§ **WORK TO COMPLETE**
I would like the records restated word for word, without the pictures.

Extracted data entries
■ ■ ■ ■ ■

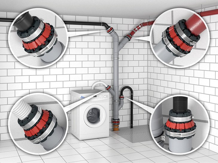 Für besondere Stabilität und konstante kraftschlüssige Verbindungen sorgen eine Manschette aus Ethylen-Propylen-Dien-Kautschuk (EPDM), flexible Kunststoffsegmente und zwei Edelstahlspannbänder. Aufgrund ihrer Korrosionsbeständigkeit, einer Resistenz gegen Kondensat sowie einer hohen Auszugsfestigkeit eignet sich die nach DIN EN 14241‑1 geprüfte Manschette für einen dauerhaften Einsatz im Innen- und im Außenbereich sowie auch im Erdreich. Für die einfache und schnelle Montage sind nur wenige Hilfsmittel notwendig.
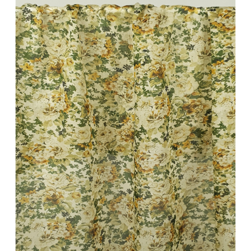 Tissu Voile Coton / Soie Fleurs Romantiques Vert
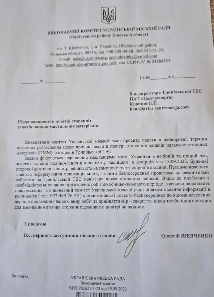 Исполнительный комитет Украинского городского совета направил обращение исполняющему обязанности директора Трипольской ТЭС Петру Кравцу, где просит объяснить причины появления посторонних запахов в воздухе. Кроме этого, если эти работы связаны с подготовкой к отопительному сезону, исполком просит заранее посылать предупреждения о выполнении такого вида работ, чтобы успеть предупредить об этом местных жителей.
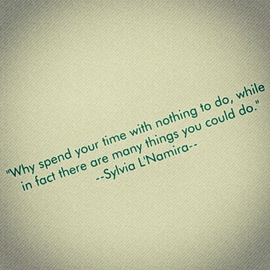 Quote:"Why spend your time with nothing to do, while in fact there are many things you could do."--Sylvia L'Namira--
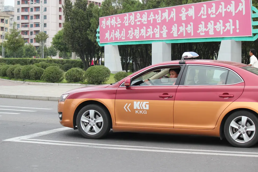 Ровно год назад, летом 2014 года, пхеньянцы начали обращать внимание на новенькие такси, появившиеся на улицах столицы. Машины было трудно не заметить из-за их яркой окраски. На темно-бордовых и золотистых седанах бросались в глаза большие буквы, обозначающие название компании – KKG.
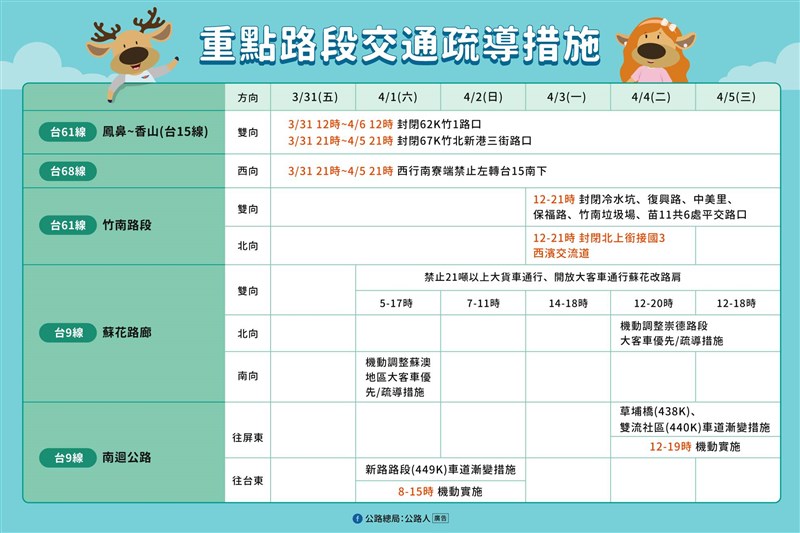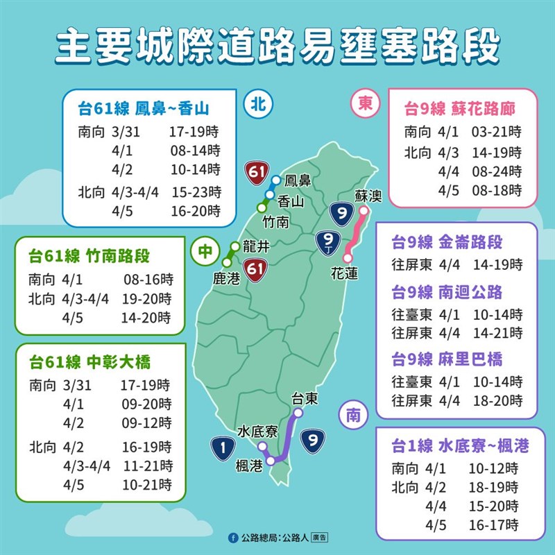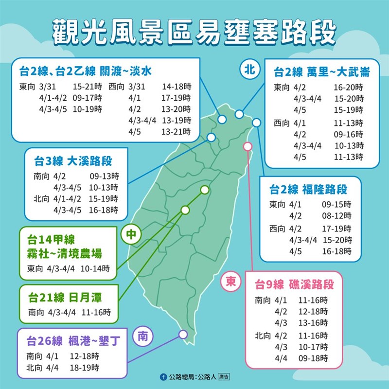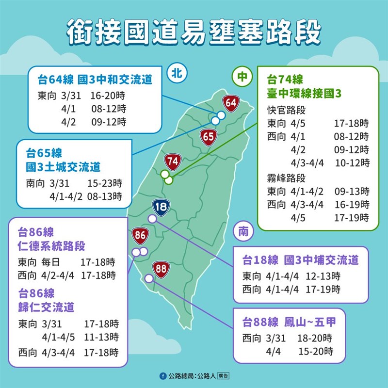 連假出門前先查詢 避開省道地雷路段 |2023.04.01 語音朗讀 926觀看次 字級 大 中 小 清明連假首日,國道3號1日湧現出遊車潮,三鶯到大溪南下路段出現塞車的情形。圖/中央社 【本報台北訊】今(1日)是清明節連假首日,交通部公路總局說,今天返鄉及出遊車潮湧現,建議用路人出發前先行查詢周邊交通狀況,以減少壅塞於車陣中的時間。省道易壅塞路段包含銜接國道快速公路(北部台65線接國3土城交流道、台64線接國3中和交流道;中部台74線台中環線接國3快官及霧峰交流道;南部台86線接國1仁德系統及接國3關廟交流道、台18線接國3中埔交流道、台88線五甲至鳳山路段)。銜接國道易壅塞路段。圖/公路總局提供主要省道幹道(台9線蘇花路廊及南迴公路、台61線鳳鼻~香山、竹南及中彰大橋路段、台1線水底寮至楓港路段)及觀光景點聯外道路(北部台2線關渡至淡水、萬里至大武崙及福隆路段、台3線大溪路段、台9線礁溪路段,中部台14甲線清境農場路段及台21線日月潭路段,南部台26線墾丁路段)。主要城際道路易壅塞路段。圖/公路總局提供公路總局說,昨天省道部分路段有車多或壅塞情形,包含北部台64線板橋至中和路段、台65線土城銜接國3及泰山銜接國1、台66線楊梅至平鎮、台9線蘇澳新火車站至箕山橋,南部台86線關廟路段、台88線鳳山銜接國5甲。清明節連假風景區車潮多,公路總局製作觀光風景區易壅塞路段圖。圖/公路總局提供為疏運民眾返鄉及外出乘車需求,公路總局說,已協調客運業者視人潮機動增班,昨天西部國道客運共計行駛7287班次,疏運13萬6844人,疏運人數較111年同期減少4.3%;東部國道客運路線共計行駛1584班次,疏運2萬9671人,疏運人數較111年同期增加2.2%。重點路段交通疏導措施。圖/公路總局提供 前一篇文章 白海豚現蹤雲林外海 海巡署記錄歷史一刻 下一篇文章 清明連假單日運量創疫後新高 桃機估逾10萬人次 熱門新聞 01男子氣概照護員 日本長照新力量2026.04.0502【無所不知】 北庭故城遺址(上)2026.04.0303【分數之外】看見另一種英文2026.04.0804租賃車業者違法攬客 觀光署:最高罰200萬元2026.04.0705【徵稿】2026.04.0306【轉移注意力】往理想中的自己邁進2026.04.0507美課藥品重稅 台灣沒優惠 2026.04.0408降雨兩樣情 南部水庫沒解渴2026.04.0609【青春部落】 那一次,我應該這樣說2026.04.0310暴雨狂炸苗栗 災情頻傳 2026.04.05 訂閱電子報 台北市 天氣預報 台灣一週天氣預報 相關報導 鄭謁中山陵 公開提中華民國鄭麗文會宋濤:兩岸非註定一戰鄭麗文今訪陸 預計4月10日晤習台澎海空疏運高峰 逾8千人提前返台海軍敦睦艦隊 進入巴拿馬運河中油高雄大林廠火警 環保局開罰
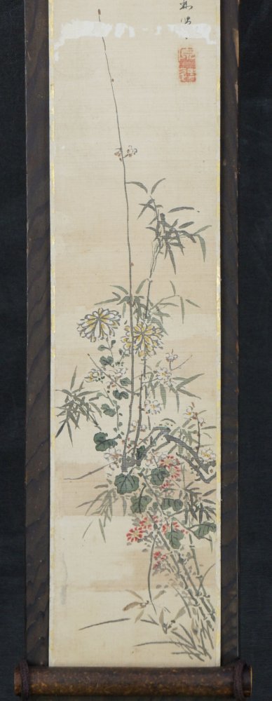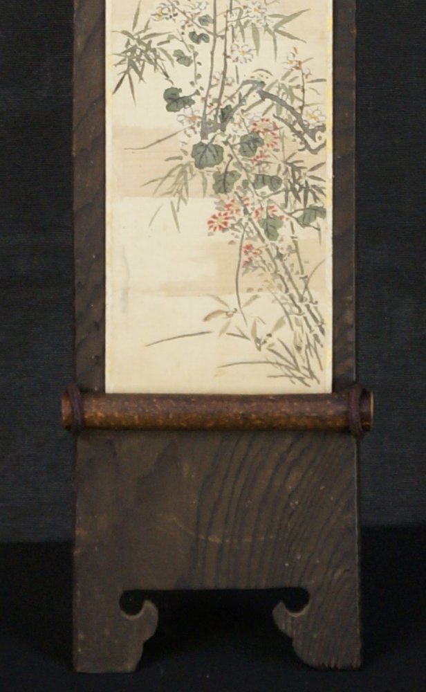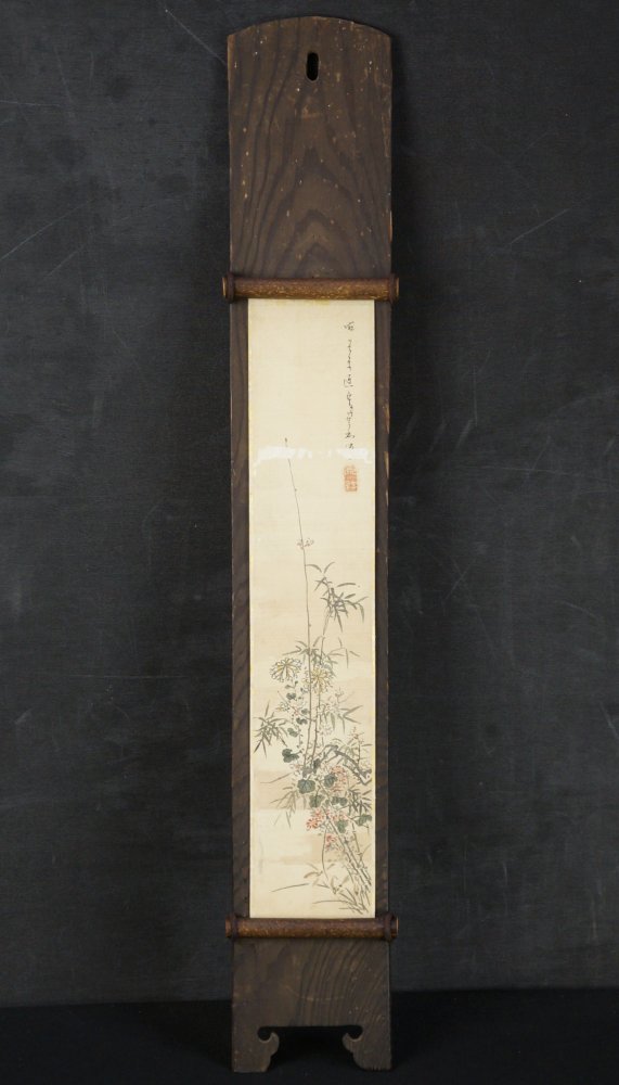 Japan Minimalist Zen wall art vertical Tanzaku holder floral motif, watercolor techinque on paper. Simple wood panel, simple rope and bamboo for Tanzaku holder. Tanzaku watercolor painting on paper technique. Well preserved with some wear marks from usage and time. Japan Wabisabi.
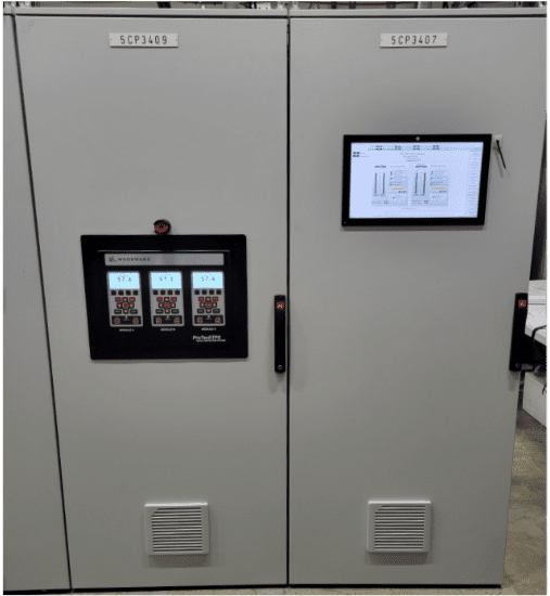 A new state-of-the-art modern digital excitation control system was designed and furnished with a fully redundant architecture for fault-tolerant generator operation. It delivers DC current to the generator’s rotor field windings, creating the magnetic field needed to generate terminal voltage and manage reactive power. The automatic voltage regulators (AVRs) in software and power electronics in the hardware section prevent voltage drops from increased load and enhance power stability. CASE RMC can provide both brushless (using a rotating diode bridge on the generator rotor) or static (using brushes/slip rings) excitation systems in sizes and configurations for any generator application.

■ ■ ■ ■ ■

§ **RESPONSE BOX**
 Für besondere Stabilität und konstante kraftschlüssige Verbindungen sorgen eine Manschette aus Ethylen-Propylen-Dien-Kautschuk (EPDM), flexible Kunststoffsegmente und zwei Edelstahlspannbänder. Aufgrund ihrer Korrosionsbeständigkeit, einer Resistenz gegen Kondensat sowie einer hohen Auszugsfestigkeit eignet sich die nach DIN EN 14241‑1 geprüfte Manschette für einen dauerhaften Einsatz im Innen- und im Außenbereich sowie auch im Erdreich. Für die einfache und schnelle Montage sind nur wenige Hilfsmittel notwendig.
 Tissu Voile Coton / Soie Fleurs Romantiques Vert
 Исполнительный комитет Украинского городского совета направил обращение исполняющему обязанности директора Трипольской ТЭС Петру Кравцу, где просит объяснить причины появления посторонних запахов в воздухе. Кроме этого, если эти работы связаны с подготовкой к отопительному сезону, исполком просит заранее посылать предупреждения о выполнении такого вида работ, чтобы успеть предупредить об этом местных жителей.
 Quote:"Why spend your time with nothing to do, while in fact there are many things you could do."--Sylvia L'Namira--
 Ровно год назад, летом 2014 года, пхеньянцы начали обращать внимание на новенькие такси, появившиеся на улицах столицы. Машины было трудно не заметить из-за их яркой окраски. На темно-бордовых и золотистых седанах бросались в глаза большие буквы, обозначающие название компании – KKG.
 連假出門前先查詢 避開省道地雷路段 |2023.04.01 語音朗讀 926觀看次 字級 大 中 小 清明連假首日,國道3號1日湧現出遊車潮,三鶯到大溪南下路段出現塞車的情形。圖/中央社 【本報台北訊】今(1日)是清明節連假首日,交通部公路總局說,今天返鄉及出遊車潮湧現,建議用路人出發前先行查詢周邊交通狀況,以減少壅塞於車陣中的時間。省道易壅塞路段包含銜接國道快速公路(北部台65線接國3土城交流道、台64線接國3中和交流道;中部台74線台中環線接國3快官及霧峰交流道;南部台86線接國1仁德系統及接國3關廟交流道、台18線接國3中埔交流道、台88線五甲至鳳山路段)。銜接國道易壅塞路段。圖/公路總局提供主要省道幹道(台9線蘇花路廊及南迴公路、台61線鳳鼻~香山、竹南及中彰大橋路段、台1線水底寮至楓港路段)及觀光景點聯外道路(北部台2線關渡至淡水、萬里至大武崙及福隆路段、台3線大溪路段、台9線礁溪路段,中部台14甲線清境農場路段及台21線日月潭路段,南部台26線墾丁路段)。主要城際道路易壅塞路段。圖/公路總局提供公路總局說,昨天省道部分路段有車多或壅塞情形,包含北部台64線板橋至中和路段、台65線土城銜接國3及泰山銜接國1、台66線楊梅至平鎮、台9線蘇澳新火車站至箕山橋,南部台86線關廟路段、台88線鳳山銜接國5甲。清明節連假風景區車潮多,公路總局製作觀光風景區易壅塞路段圖。圖/公路總局提供為疏運民眾返鄉及外出乘車需求,公路總局說,已協調客運業者視人潮機動增班,昨天西部國道客運共計行駛7287班次,疏運13萬6844人,疏運人數較111年同期減少4.3%;東部國道客運路線共計行駛1584班次,疏運2萬9671人,疏運人數較111年同期增加2.2%。重點路段交通疏導措施。圖/公路總局提供 前一篇文章 白海豚現蹤雲林外海 海巡署記錄歷史一刻 下一篇文章 清明連假單日運量創疫後新高 桃機估逾10萬人次 熱門新聞 01男子氣概照護員 日本長照新力量2026.04.0502【無所不知】 北庭故城遺址(上)2026.04.0303【分數之外】看見另一種英文2026.04.0804租賃車業者違法攬客 觀光署:最高罰200萬元2026.04.0705【徵稿】2026.04.0306【轉移注意力】往理想中的自己邁進2026.04.0507美課藥品重稅 台灣沒優惠 2026.04.0408降雨兩樣情 南部水庫沒解渴2026.04.0609【青春部落】 那一次,我應該這樣說2026.04.0310暴雨狂炸苗栗 災情頻傳 2026.04.05 訂閱電子報 台北市 天氣預報 台灣一週天氣預報 相關報導 鄭謁中山陵 公開提中華民國鄭麗文會宋濤:兩岸非註定一戰鄭麗文今訪陸 預計4月10日晤習台澎海空疏運高峰 逾8千人提前返台海軍敦睦艦隊 進入巴拿馬運河中油高雄大林廠火警 環保局開罰
 Japan Minimalist Zen wall art vertical Tanzaku holder floral motif, watercolor techinque on paper. Simple wood panel, simple rope and bamboo for Tanzaku holder. Tanzaku watercolor painting on paper technique. Well preserved with some wear marks from usage and time. Japan Wabisabi.
 A new state-of-the-art modern digital excitation control system was designed and furnished with a fully redundant architecture for fault-tolerant generator operation. It delivers DC current to the generator’s rotor field windings, creating the magnetic field needed to generate terminal voltage and manage reactive power. The automatic voltage regulators (AVRs) in software and power electronics in the hardware section prevent voltage drops from increased load and enhance power stability. CASE RMC can provide both brushless (using a rotating diode bridge on the generator rotor) or static (using brushes/slip rings) excitation systems in sizes and configurations for any generator application.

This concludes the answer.